- Pitcher
- Born: January 23, 1957 (age 69) Tierra Blanca, Veracruz, Mexico
- Batted: LeftThrew: Left

MLB debut
- September 5, 1983, for the Pittsburgh Pirates

Last MLB appearance
- September 1, 1986, for the New York Yankees

MLB statistics
- Win–loss record: 1–1
- Earned run average: 5.19
- Strikeouts: 16
- Stats at Baseball Reference

Teams
- Pittsburgh Pirates (1983–1984); New York Yankees (1986);

= Alfonso Pulido =

Mexican baseball player (born 1957)

Alfonso Pulido Manzo (born January 23, 1957) is a Mexican former Major League Baseball pitcher. Pulido played parts of three seasons in Major League Baseball, with the Pittsburgh Pirates in 1983–1984 and with the New York Yankees in 1986, appearing in 12 career games with a 1–1 record.

Before signing with Major League Baseball, Pulido originally pitched for the Mexico City Reds of the Mexican League. In 1983, he won 17 games for the Reds while only losing three. After winning three games in the Mexican League playoffs, the Pittsburgh Pirates signed him to a contract, and brought him into the major leagues at the end of August 1983, saying that he had "Valenzuela-type stuff". He made his major league debut on September 5 against the St. Louis Cardinals, pitching the first two innings of the game and allowing two earned runs in his only appearance that season. He spent most of the 1984 season in the minor leagues with the Hawaii Islanders, winning 18 games, losing six, and posting an earned run average (ERA) of 2.54. In his lone major league appearance of 1984, he pitched for two innings against the Cardinals, allowing two runs on three hits. On December 20, 1984, Pulido was traded by the Pirates, along with Dale Berra and Jay Buhner, to the New York Yankees for Tim Foli, Steve Kemp and cash.

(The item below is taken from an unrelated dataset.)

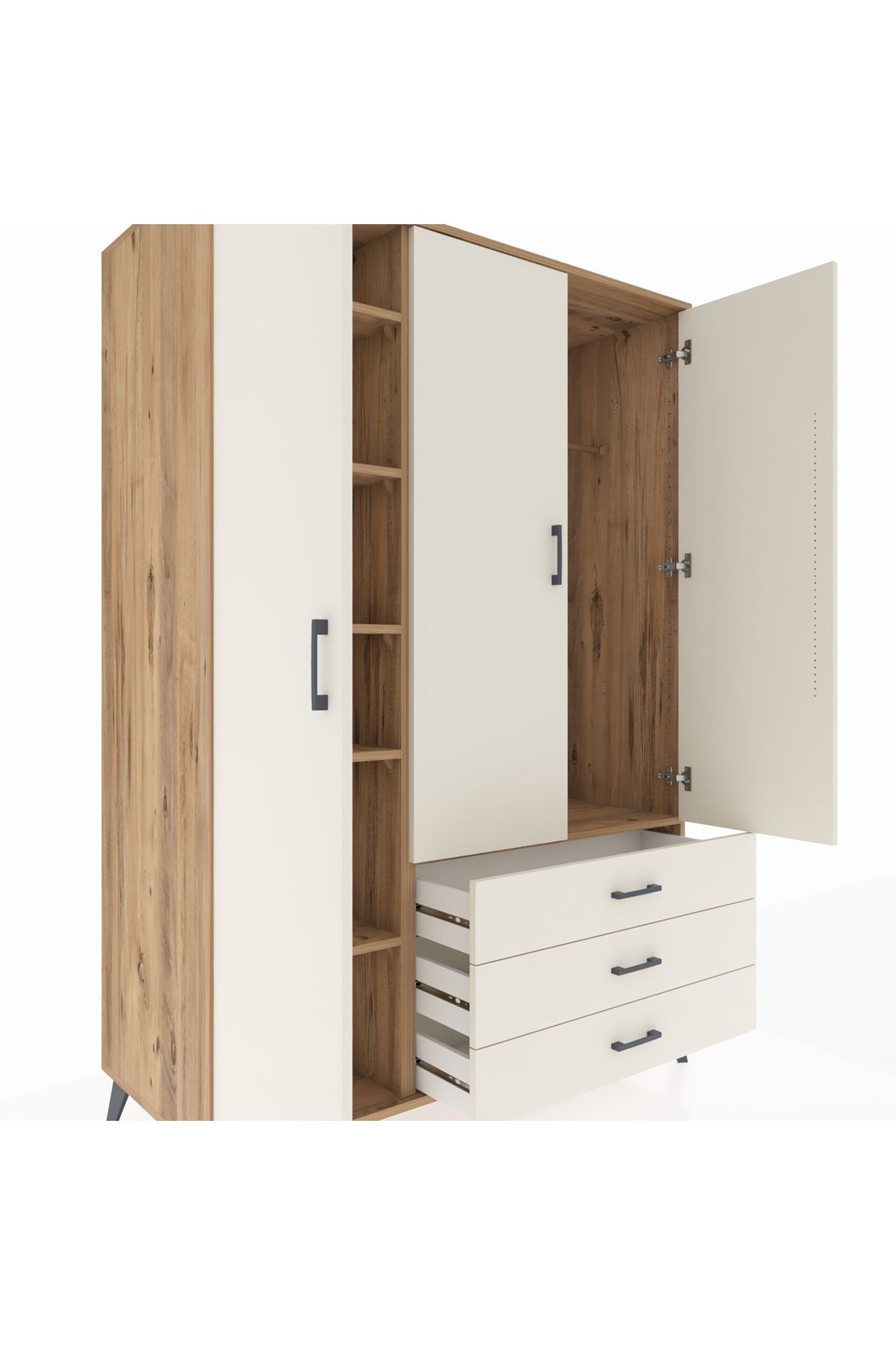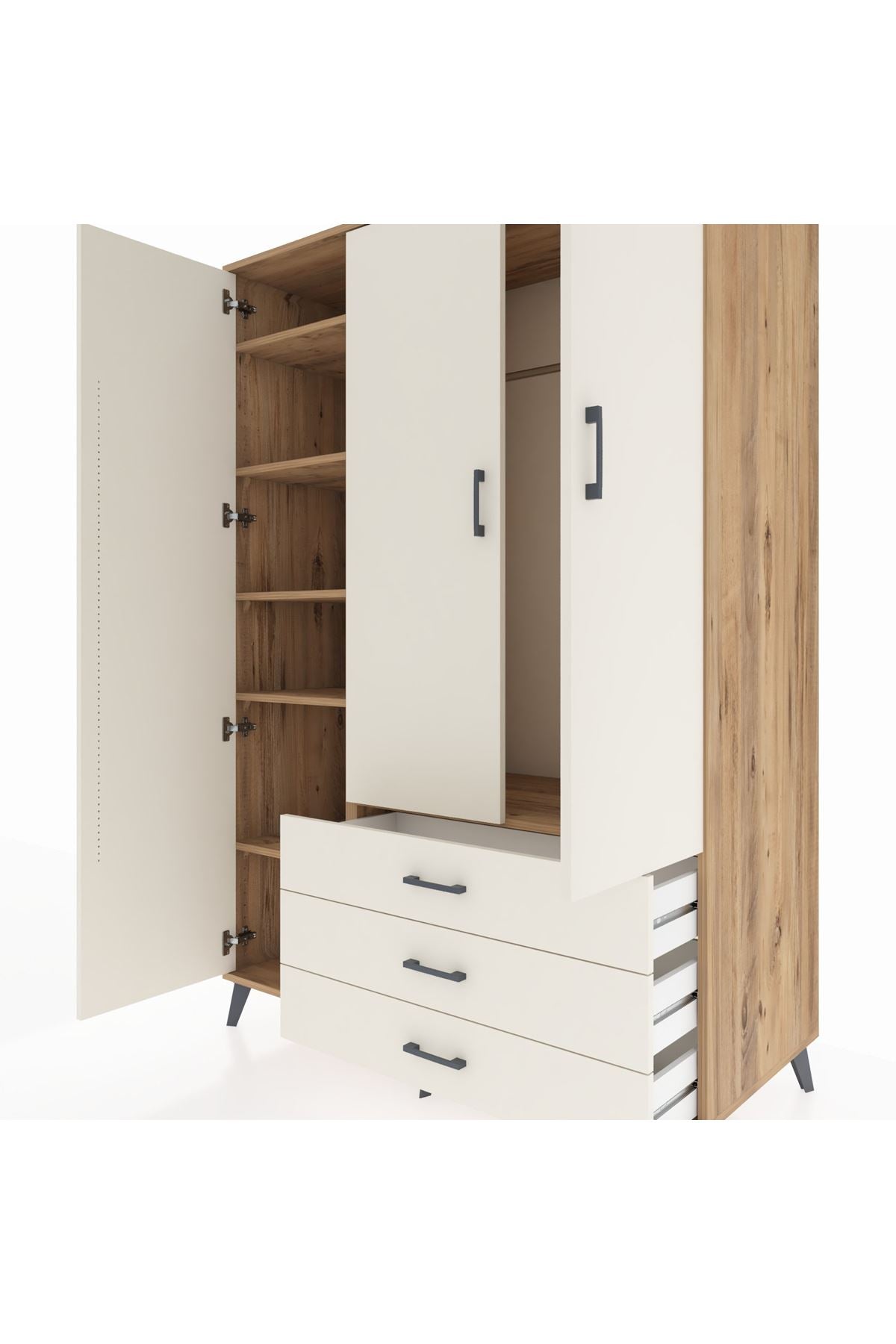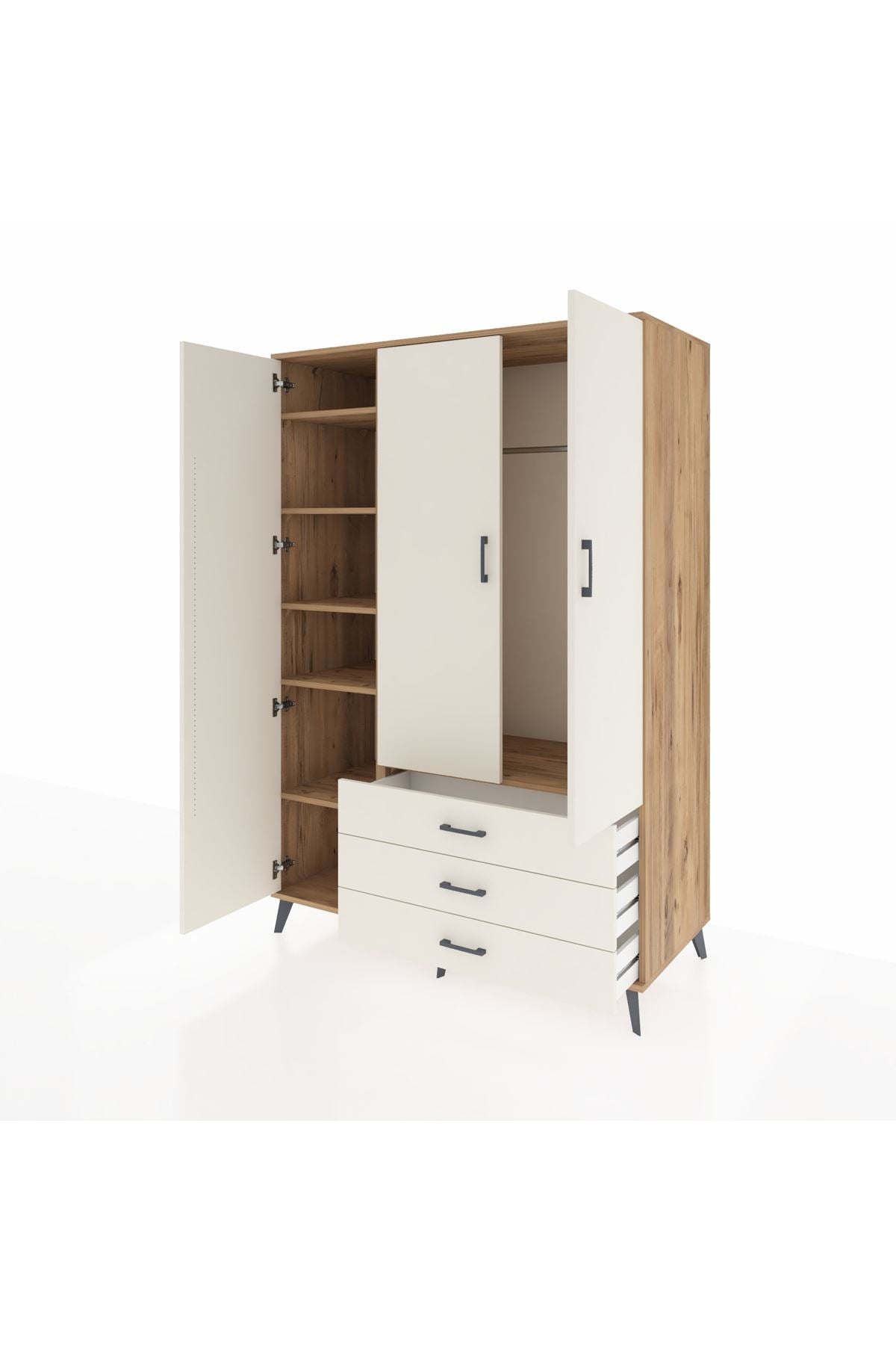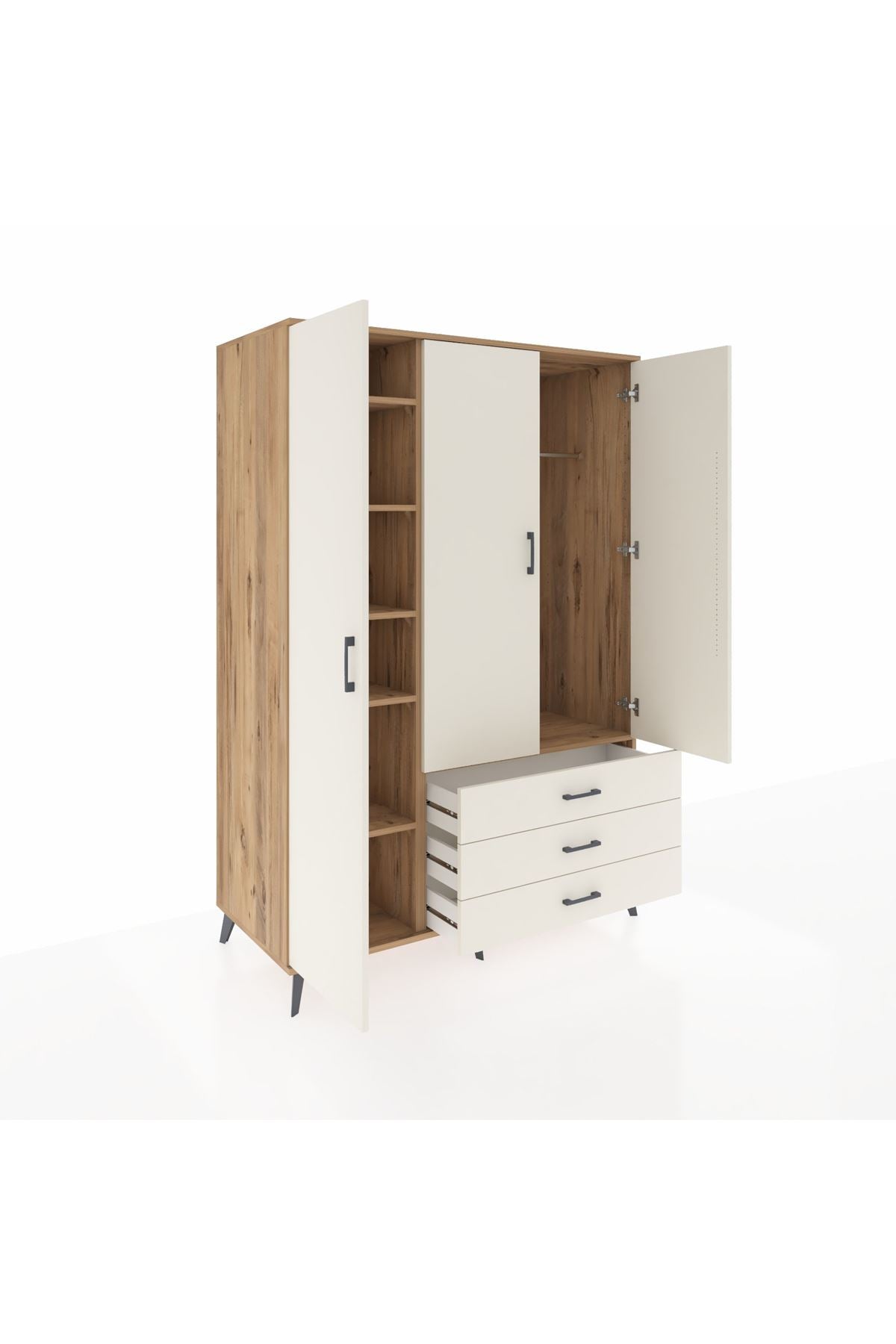 🦾 Metal ayakları sayesinde yerden yüksekliği sayesinde robot süpürge kullanımına uygundur. Metal kulplar, gardırobun modern tasarımını tamamlar. Sağlam yapısı sayesinde uzun ömürlü bir kullanım sunar.

Pulido spent the 1985 season with the Columbus Clippers in the Yankees' minor league system. He played in 31 games for the Clippers, finishing the season with 11 wins, eight losses, and a 3.39 ERA. In 1986, Pulido spent some time on the major league squad. After starting the season in the minors, the Yankees placed Tommy John on the injured list with a strained achilles tendon and recalled Pulido in June. He made his season debut later that month and pitched ten games in his final major league season. He played his final major league game on September 1, finishing the season with a win and a loss in ten appearances, with a 4.70 ERA. He spent the full 1987 season with the Clippers, playing in 34 games, winning nine and losing five.

After 1987, Pulido returned to the Mexican League, and by 1990 he was out of baseball.